To investigate performance degradation, I developed a test platform that includes loading and transmission accuracy testing devices. The loading test device simulates time-varying axial loads, while the transmission accuracy test device measures positional errors. I designed a dual-hinge connection structure to compensate for overturning moments caused by coaxiality errors between the drive and loading chains, enhancing measurement accuracy. Additionally, I performed error calibration on the transmission accuracy test device to ensure reliable data acquisition.
Test Method and Apparatus
My test method involves subjecting planetary roller screws to symmetric alternating time-varying loads. The loading profile is programmed to vary with time, simulating real-world operational conditions. I built a performance test apparatus comprising drive, support, measurement, loading, and control modules. The drive module uses a servo motor with braking capability, while the loading module employs a hydraulic system for axial force application. By integrating secondary development of the hydraulic control system, I synchronized the servo motor drive with hydraulic loading, achieving stable axial loads up to 70 kN.
The measurement module includes torque sensors, vibration sensors, force sensors, linear encoders, and angular encoders to capture parameters such as input torque, vibration, axial load, linear displacement, and angular displacement.
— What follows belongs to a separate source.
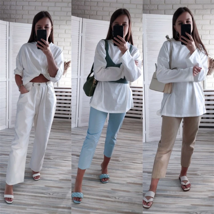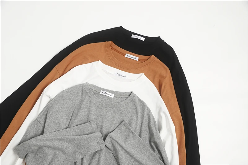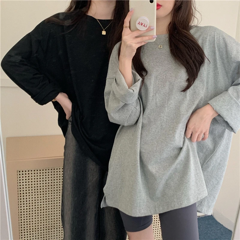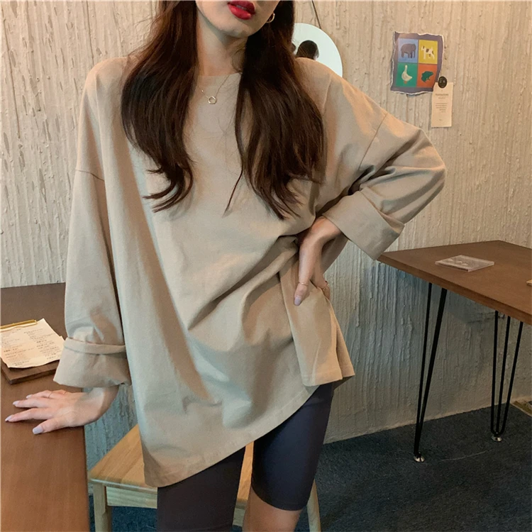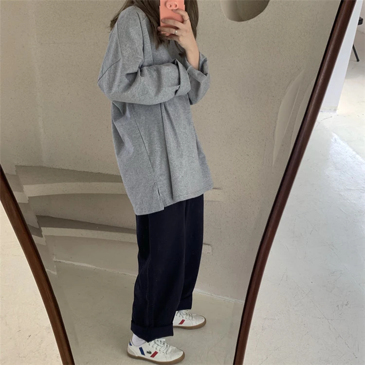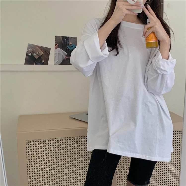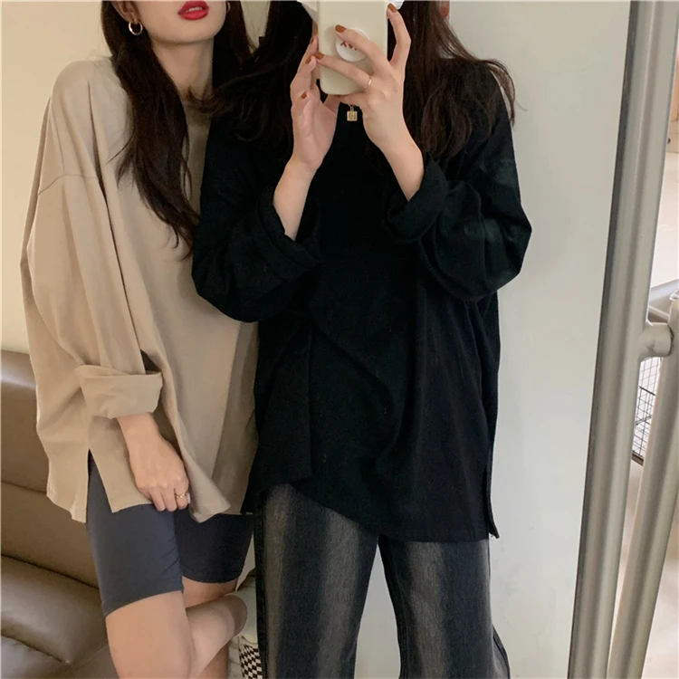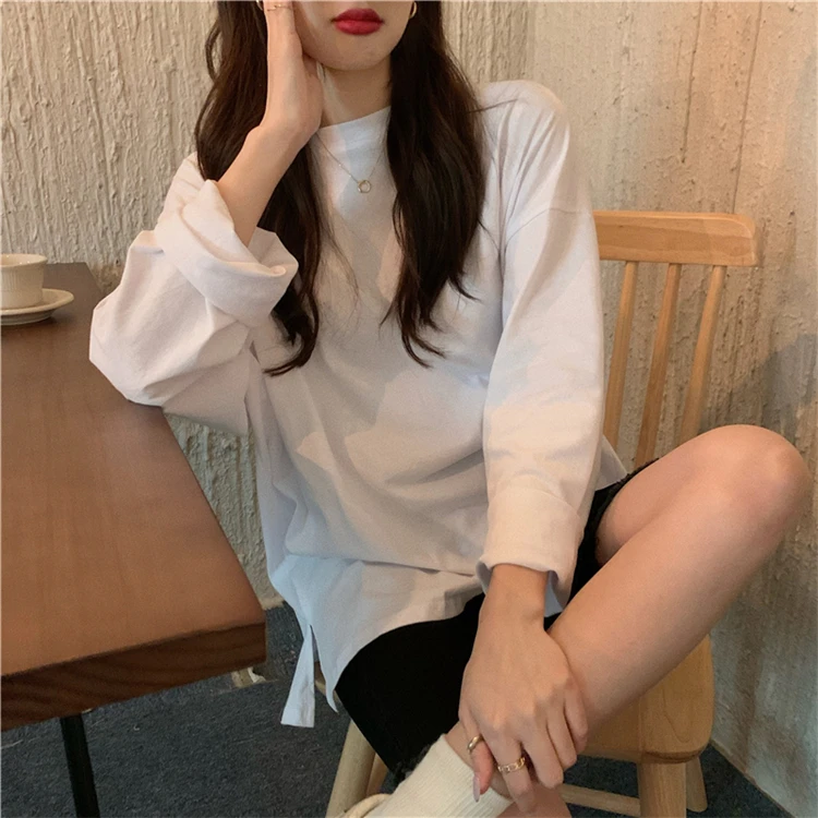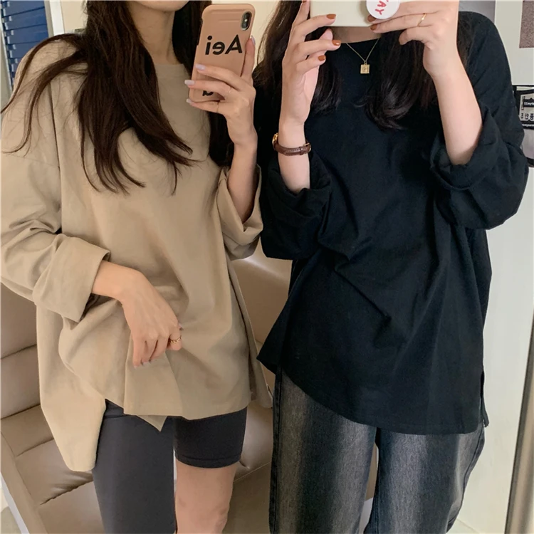 Футболка с длинным рукавом, однотонная, в корейском минималистическом стиле, T601, на осень, 2021

Data acquisition is handled at frequencies ranging from 1 Hz to 20 kHz, allowing for both high-frequency vibration analysis and low-frequency parameter monitoring. The control module manages test operations, processes data in real-time, and stores results for further analysis.
For the loading test device, I addressed coaxiality errors between the drive and loading chains by designing a dual-hinge connection. This design ensures that the axial forces from the servo motor and hydraulic cylinder are aligned, minimizing overturning moments. The force analysis for the dual-hinge connection can be expressed as follows. Let $F_{sa}$ be the axial component from the servo motor at the hinge center, $F_{st}$ the radial component, $F_{sn}$ the contact force, and $\alpha_1$ the angle between the hinge axis and the bearing axis. Similarly, for the hydraulic side, $F_{0a}$ is the axial component, $F_{0t}$ the radial component, $F_{0n}$ the contact force, and $\alpha_2$ the corresponding angle. Under steady-state conditions:
$$F_{sa} = F_{0a} \quad \text{and} \quad \alpha_1 = \alpha_2$$
This leads to:
$$F_{sn} = F_{0n} \quad \text{and} \quad F_{st} = F_{0t}$$
Thus, the dual-hinge connection maintains parallelism between the planetary roller screw axis and the hydraulic cylinder axis, ensuring accurate force synchronization. In contrast, a single-hinge connection introduces additional radial forces, causing $F_s > F_0$ and increased energy loss, which reduces testing precision. Therefore, the dual-hinge approach is superior for degradation testing.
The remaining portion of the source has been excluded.